L'idée vient naturellement à quiconque possède un puits ou un forage : pourquoi payer 45 m³ d'eau au prix du réseau quand la nappe est à dix mètres sous la pelouse ? L'économie est réelle, le geste parfaitement légal dans la plupart des cas. Mais une eau souterraine est une eau brute, jamais passée par une usine de traitement. Ce qu'elle contient — fer, manganèse, calcaire, parfois nitrates — ne se voit pas au pompage et se révèle brutalement au premier ajout de chlore. Remplir au puits se prépare donc dans l'ordre : déclarer, analyser, pomper, traiter.
Une eau gratuite, mais jamais neutre
Au prix moyen français, les 45 m³ d'un bassin de 8 × 4 mètres coûtent de l'ordre de 200 euros au compteur, assainissement compris — le détail de cette facture est décortiqué dans notre article sur le coût réel du remplissage d'une piscine. L'eau du puits, elle, ne coûte que l'électricité de la pompe : quelques euros pour le volume complet. Sur le papier, l'affaire est entendue.
Sauf que l'eau du réseau arrive équilibrée, désinfectée, débarrassée de ses métaux. L'eau souterraine, non. Elle a traversé des roches dont elle garde la signature : très calcaire en terrain sédimentaire, chargée en fer et en manganèse dans les sols granitiques ou les nappes profondes pauvres en oxygène, parfois marquée par les nitrates en zone agricole.
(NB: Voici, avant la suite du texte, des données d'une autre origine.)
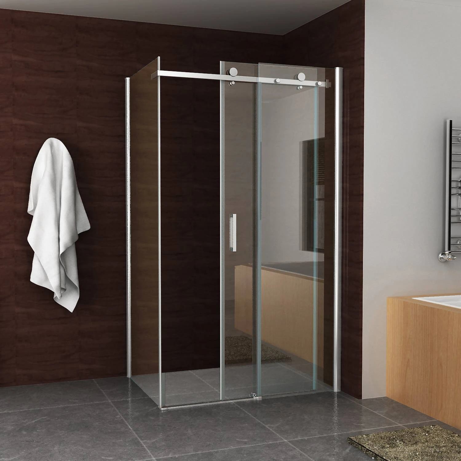 De douchecabine schuifdeur 140x90cm is gemaakt van 8mm veiligheidsglas met als extra een NANO antikalk coating, welke beschermt tegen kalk en geeft de douchecabine altijd een glanzende uitstraling. Is voorzien van een afdek strip die er voor zorgt dat de geschroefde profielen niet meer zichtbaar zijn. De vaste wand heeft aan de onderzijde een deur geleider, zodat de schuifdeur stabiel blijft.
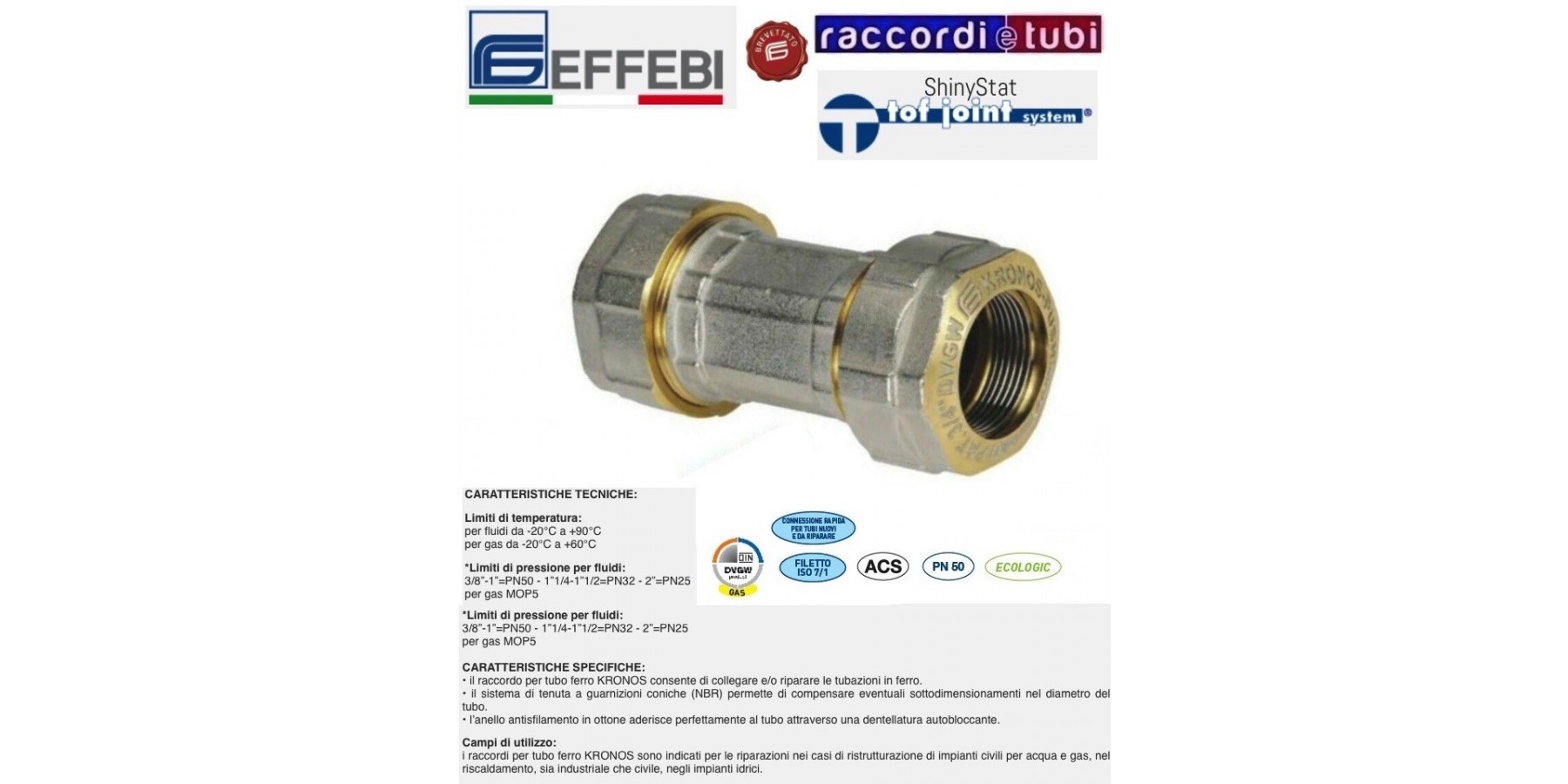 Erhältlich in den Ausführungen Innengewinde, Außengewinde und Rohr-Rohr gleitend, in den Größen von 3/8 bis 2 Zoll, ist die Kupplung von Effebi Spa vollständig in Italien entworfen und hergestellt.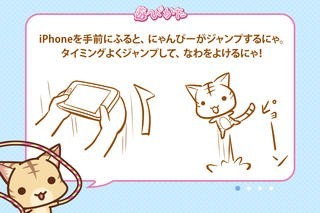 iPhoneを手前にふると、にゃんぴーがジャンプします。タイミングよくジャンプして、なわをよけよう! にゃんぴーがなわにひっかかるとアウト! 1ぴきもいなくなったらゲームはおしまいです。なわが速くなってきたらiPhoneを大きくふって大ジャンプ! 2重とびを決めて、新記録をねらおう!

Aucun de ces paramètres n'est rédhibitoire — mais chacun impose un traitement, et leur coût vient en déduction de l'économie réalisée.
La déclaration en mairie, un préalable obligatoire
Beaucoup de propriétaires l'ignorent : un puits, même creusé par les grands-parents, doit être déclaré.
Une obligation depuis 2009
Tout ouvrage de prélèvement d'eau souterraine à usage domestique — puits ou forage prélevant moins de 1 000 m³ par an — doit être déclaré en mairie, y compris lorsqu'il est ancien. La déclaration, gratuite, se fait sur formulaire ; les ouvrages nouveaux se déclarent au moins un mois avant le début des travaux. Le remplissage d'une piscine familiale entre pleinement dans l'usage domestique.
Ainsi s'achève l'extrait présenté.